§ Exercise goal
When the listing below reaches the line that has "Днем 10 марта", start reproducing exactly; stop after the line that has "Planning des Cours", and drop the pictures.

§ Dataset content
____

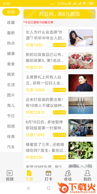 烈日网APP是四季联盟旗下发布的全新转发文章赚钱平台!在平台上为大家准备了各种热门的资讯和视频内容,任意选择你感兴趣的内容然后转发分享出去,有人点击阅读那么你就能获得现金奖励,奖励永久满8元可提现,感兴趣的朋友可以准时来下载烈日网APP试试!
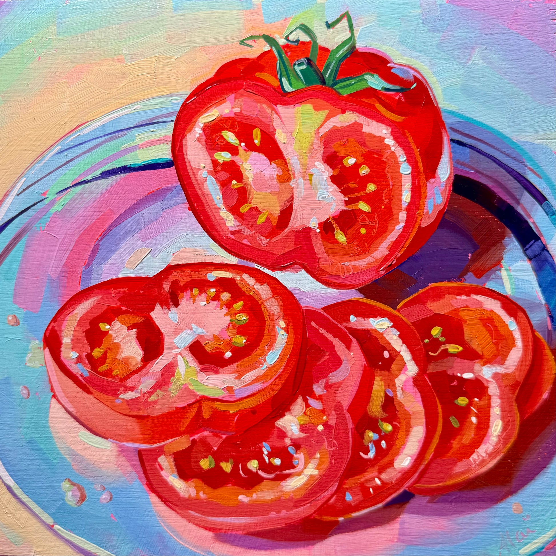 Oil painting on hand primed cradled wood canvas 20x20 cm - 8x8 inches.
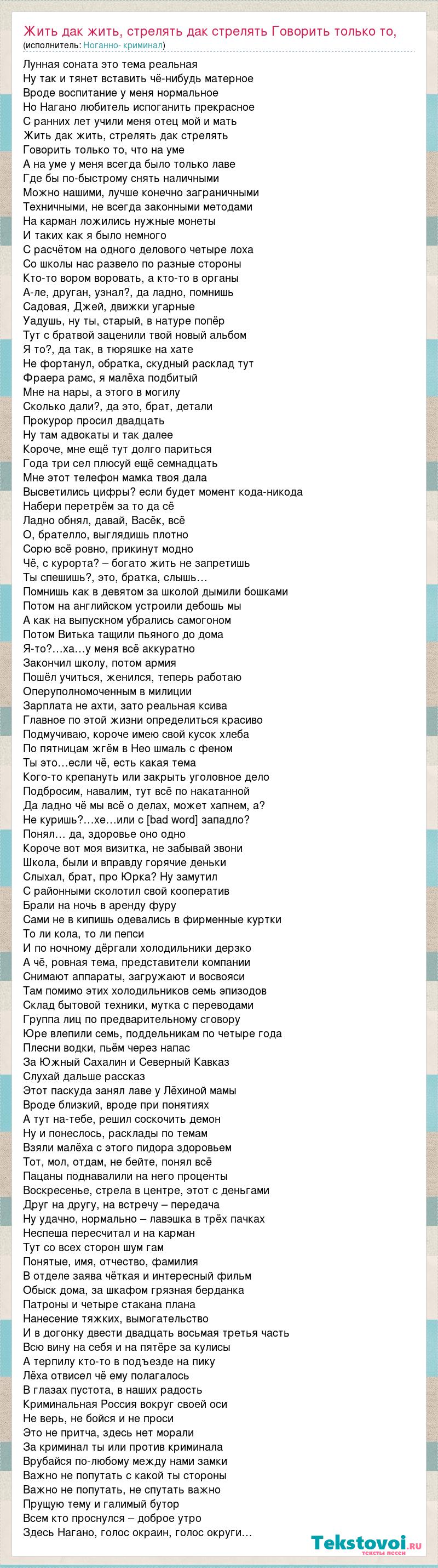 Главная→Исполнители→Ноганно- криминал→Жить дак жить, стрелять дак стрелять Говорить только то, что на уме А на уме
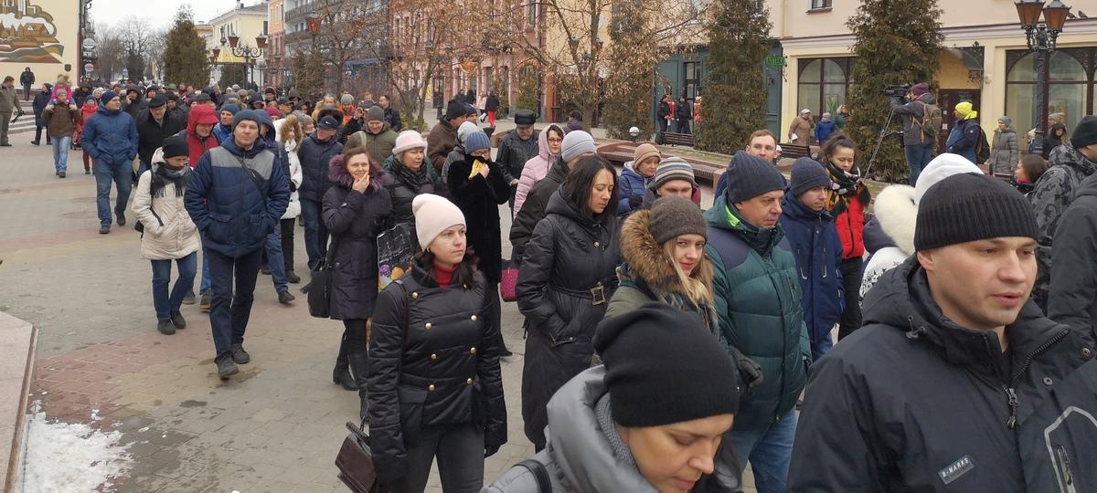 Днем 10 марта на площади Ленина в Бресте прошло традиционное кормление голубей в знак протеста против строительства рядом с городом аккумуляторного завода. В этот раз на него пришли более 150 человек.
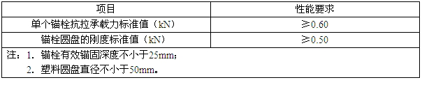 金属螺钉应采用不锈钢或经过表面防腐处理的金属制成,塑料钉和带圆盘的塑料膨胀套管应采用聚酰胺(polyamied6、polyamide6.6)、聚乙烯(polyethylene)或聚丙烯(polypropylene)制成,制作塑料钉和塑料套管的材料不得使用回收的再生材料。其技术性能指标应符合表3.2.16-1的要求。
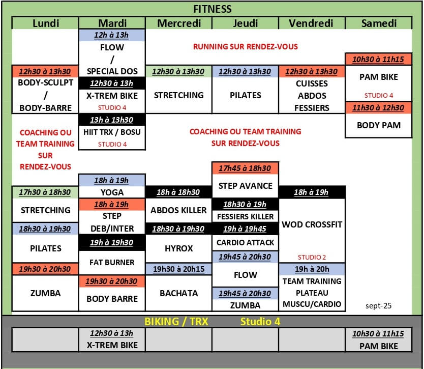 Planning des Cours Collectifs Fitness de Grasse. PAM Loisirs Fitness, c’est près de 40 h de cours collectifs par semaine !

____

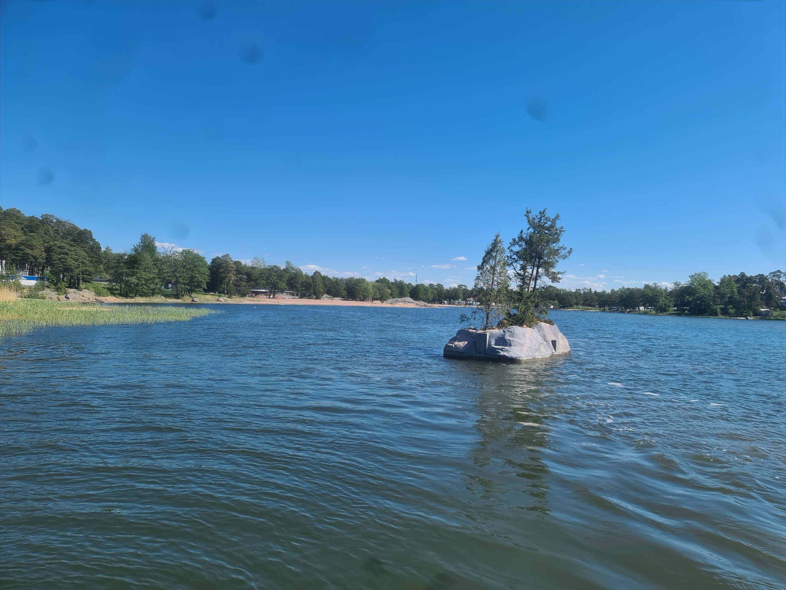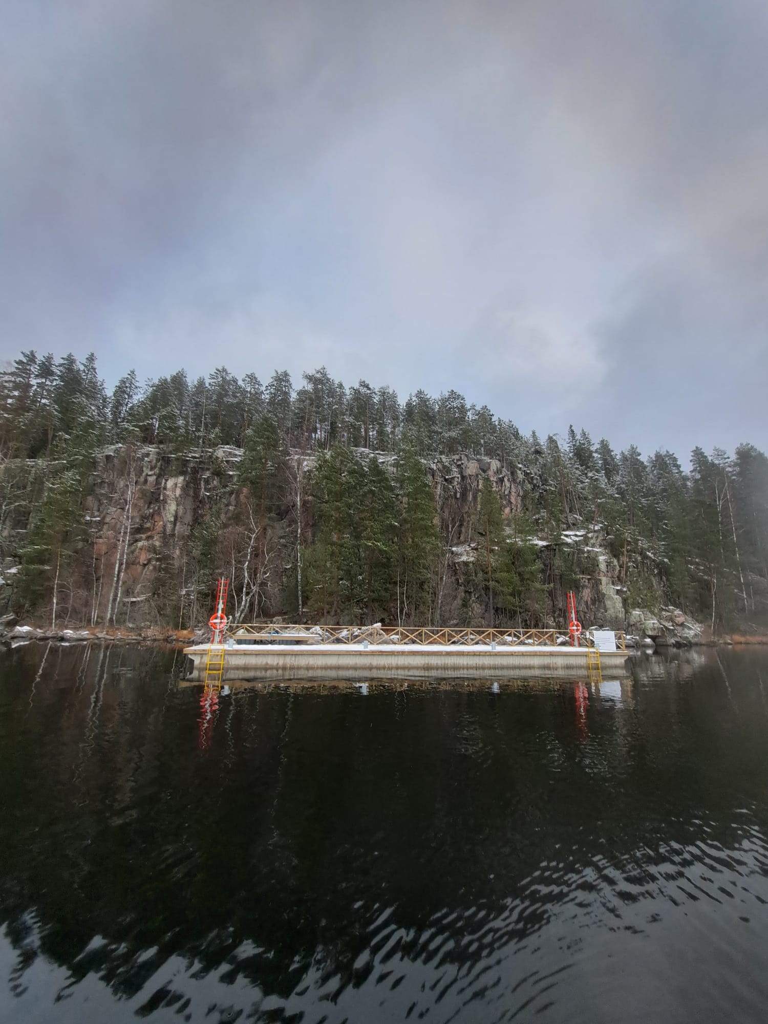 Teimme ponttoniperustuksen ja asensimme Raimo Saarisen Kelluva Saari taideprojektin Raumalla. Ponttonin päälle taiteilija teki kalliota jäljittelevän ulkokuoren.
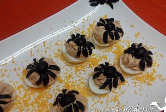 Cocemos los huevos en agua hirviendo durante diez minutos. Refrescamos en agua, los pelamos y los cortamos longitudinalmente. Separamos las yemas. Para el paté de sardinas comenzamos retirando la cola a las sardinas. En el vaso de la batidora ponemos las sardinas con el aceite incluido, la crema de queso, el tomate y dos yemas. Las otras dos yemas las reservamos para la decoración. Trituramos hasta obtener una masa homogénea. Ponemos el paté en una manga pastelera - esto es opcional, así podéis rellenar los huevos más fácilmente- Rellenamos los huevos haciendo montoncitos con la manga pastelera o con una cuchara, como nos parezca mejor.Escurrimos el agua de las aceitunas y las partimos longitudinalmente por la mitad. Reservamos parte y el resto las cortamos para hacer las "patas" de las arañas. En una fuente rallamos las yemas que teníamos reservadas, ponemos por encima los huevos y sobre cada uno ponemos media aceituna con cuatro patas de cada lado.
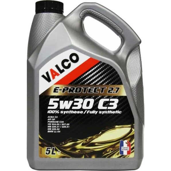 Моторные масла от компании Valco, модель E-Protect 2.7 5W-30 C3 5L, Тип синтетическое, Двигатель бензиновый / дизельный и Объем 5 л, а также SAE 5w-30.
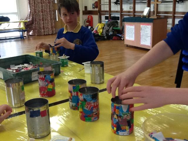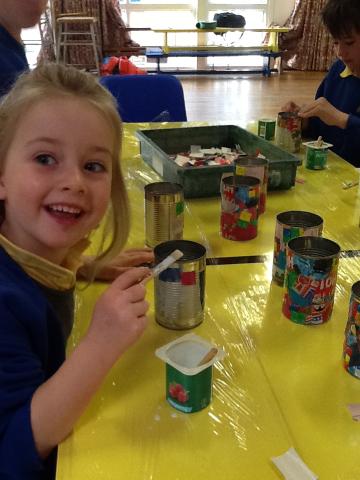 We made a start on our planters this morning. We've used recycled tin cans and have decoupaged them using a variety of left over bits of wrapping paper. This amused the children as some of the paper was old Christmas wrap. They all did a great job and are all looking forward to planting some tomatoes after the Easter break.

____

§ Answer below
 Днем 10 марта на площади Ленина в Бресте прошло традиционное кормление голубей в знак протеста против строительства рядом с городом аккумуляторного завода. В этот раз на него пришли более 150 человек.
 金属螺钉应采用不锈钢或经过表面防腐处理的金属制成,塑料钉和带圆盘的塑料膨胀套管应采用聚酰胺(polyamied6、polyamide6.6)、聚乙烯(polyethylene)或聚丙烯(polypropylene)制成,制作塑料钉和塑料套管的材料不得使用回收的再生材料。其技术性能指标应符合表3.2.16-1的要求。
 Planning des Cours Collectifs Fitness de Grasse. PAM Loisirs Fitness, c’est près de 40 h de cours collectifs par semaine !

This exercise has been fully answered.